Le modèle économique en question
Pour faire face à ces difficultés, les professionnels des médias en appellent au soutien de l’Etat. Ils demandent une augmentation de l’aide à la presse, au cœur d’une nouvelle polémique à la suite des chiffres révélés par le ministre de la Communication la semaine dernière. Mais, pour Mamadou Thior, membre de la Coordination des Associations de presse (Cap), le soutien de l’Etat seul ne peut suffire, les médias doivent se réinventer s’ils veulent survivre.
"Aujourd’hui, les problèmes du secteur sont multiformes et il faut s’arrêter. On let souvent l’accent sur le problème des impôts, mais, c’est assez minime par rapport aux autres problèmes. Le modèle économique, il faut s’interroger parce que le modèle économique qui opère au Sénégal n’est plus viable : vendre des quotidiens à 100 francs, la publicité qui est presque inexistante, c’est pourquoi on se demande d’ailleurs comment beaucoup de médias continuent à fonctionner au jour le jour", plaide-t-il.

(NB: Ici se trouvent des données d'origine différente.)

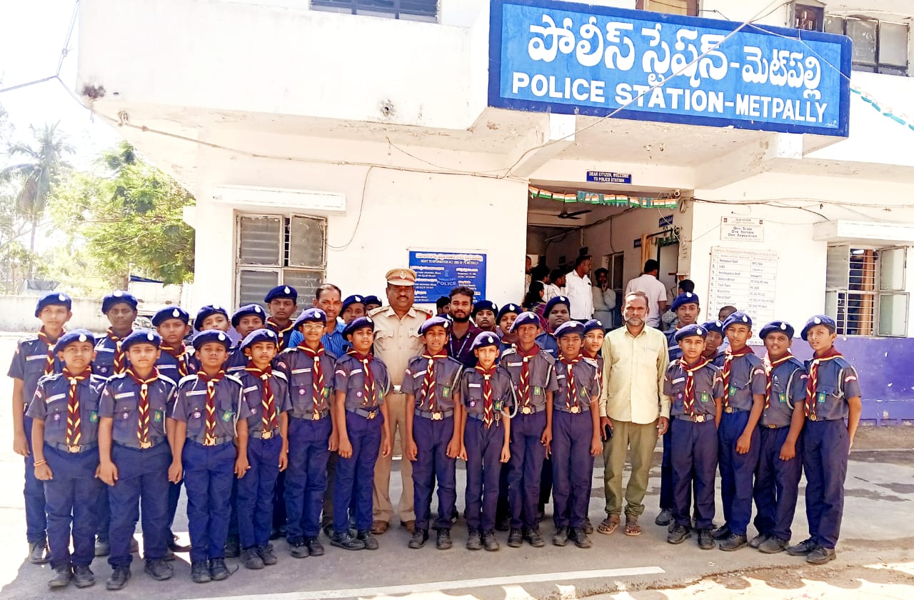 నేటి సాక్షి, మెట్ పల్లి : స్థానిక బస్ డిపో సమీపంలో గల అక్షర హై స్కూల్ విద్యార్థులు స్కౌట్ శిక్షణలో భాగంగా శుక్రవారం మెట్ పల్లి పోలీస్ స్టేషన్ సందర్శించారు. ఈ సందర్భంగా స్థానిక ఎస్సై కిరణ్ కుమార్, టౌన్ టు ఎస్సై రాజు నాయక్ వారితో మాట్లాడుతూ ట్రాఫిక్ నిబంధనలను పాటించడంతోపాటు సామాజిక బాధ్యత ఎలా ఉండాలి క్రమశిక్షణతో ఎలా ఉండాలి అని వివరించారు. ఈ కార్యక్రమంలో కరస్పాండెంట్ కొత్తూరి శ్రీనివాస్, ప్రిన్సిపాల్, విద్యార్థులు మరియు వ్యాయామ ఉపాధ్యాయుడు పాల్గొన్నారు.

Les acteurs des médias sont donc interpellés face aux grands défis qui les attendent car leur survie en dépend. La semaine dernière, le ministre de la Communication a exprimé la volonté de l’Etat à dialoguer avec les patrons de presse pour trouver des solutions afin de surmonter la crise que traverse le secteur. Une volonté dont se sont réjouis les acteurs des médias.